• [What you have to do]: Exact copy, pictures excluded: the lines from the one containing "Below the magnified" to the end of the listing.

• [Recorded information]:
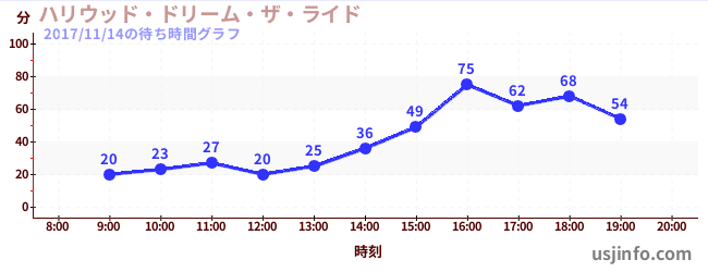 • ハリウッド・ドリーム・ザ・ライド$B$N(B2017年11月14日の待ち時間
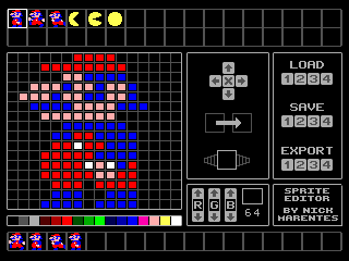 Below the magnified sprite editing window is the current 16 color
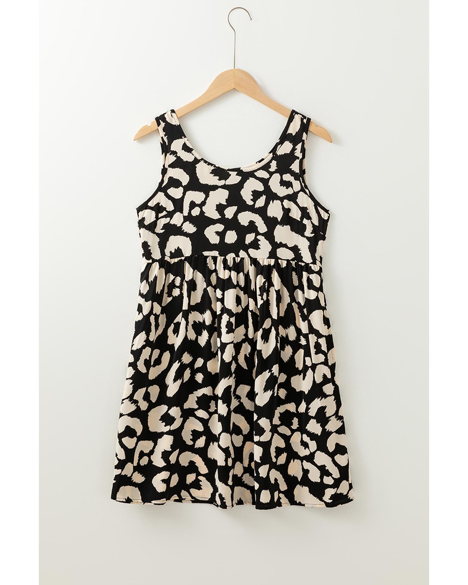 Black Leopard Print U Neck Sleeveless High Waist Dress – S

• [Written answer]:
 Below the magnified sprite editing window is the current 16 color
 Black Leopard Print U Neck Sleeveless High Waist Dress – S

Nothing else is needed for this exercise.